#41. The Docks of New York (1928)

Docks of New York is a moving but not-too-sentimental story about blue collar bar flies trying to find in each other an answer to their loneliness. It’s a good story that handles the complexities of marriage and its motives with remarkable nuance.

A scene that stood out to me more than any other is one in which a stoker, who’s on shore for just one night before being sent into sea again, steps into a bar in pursuit of a woman with whom he can spend a quick night and, in the process, ends up seeing his wife across the room, kissing and dancing with somebody else, and through the fray of the bar they catch each other’s eyes and, downtrodden, abandon their newfound partners, and gravitate toward one another, shuffling, like sad magnets. Each is bitter about finding the other this way. The wife is more composed about it. The husband is a wreck. The look and feel of this scene where they sit together in wordless hurt while the bar pulses around them reminded me of when an old girlfriend and I parted ways for our respective colleges, staying together for the long-distance thing, and after a couple years, when the bickering had become constant and our diverging paths harder to refute, we talked about maybe dating other people while staying together. Those conversations were grueling, but also, in a weird way, liberating. It was just talk, though, one of many efforts to save a relationship that was obviously not working, that was causing each of us more pain than pleasure, but to which we clung, I guess, because it was familiar.

docks of new york intertitle

Docks of New York seems to be questioning the durability of romantic bonds and also, I think, the influence that they have on a person’s sense of self.
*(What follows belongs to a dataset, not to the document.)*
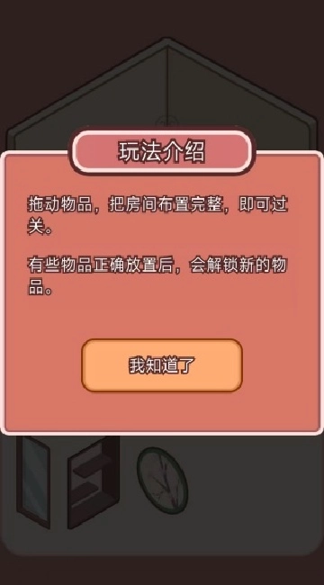 1、通过拖拽操作将物品摆放到房间合适位置,物品正确放置后,会解锁新的物品。

There’s a scene where our female lead, Mac (Betty Compson), is told by another woman (that woman who was just caught cheating by her own philandering husband) that marriage doesn’t necessarily make a person decent. She suggests, in fact, that marriage has the capacity to compromise a person’s decency.
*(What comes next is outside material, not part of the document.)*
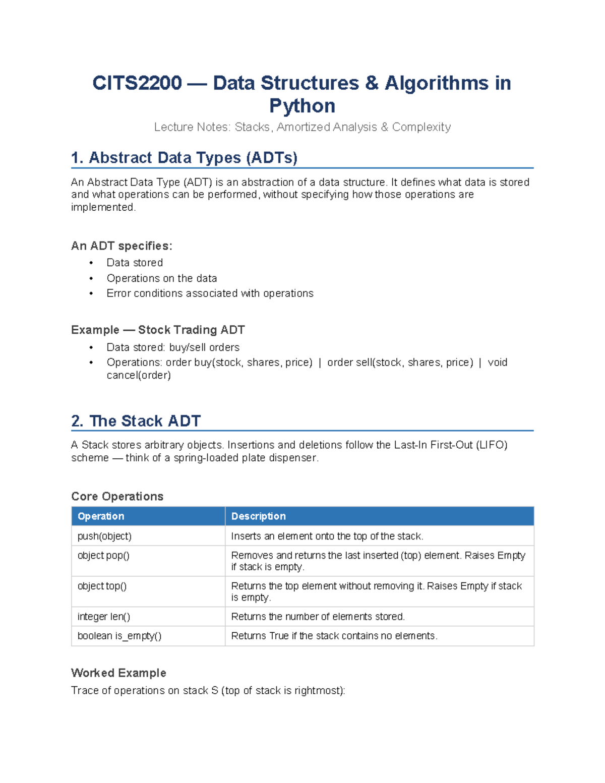 CITS2200 Lecture Notes: Data Structures & Algorithms in Python - Studocu

There’s an impulsive wedding held in the bar because our male lead, played by George Bancroft, wants to have sex with Mae, who won’t sleep with him outside of a marital bed. The movie ends on a complicated note. One of our protagonists is going to jail for a while but we’re made to believe that things’ll be sunny when the character gets out. Not sure if it’s believable, or if it’s trying to be, and I don’t think I’ll ever voluntarily watch this movie again, interesting and well-made though it was, because finally I think it’s a bit more interested in its ideas than its characters. Not a sin, exactly, but definitely a shortcoming.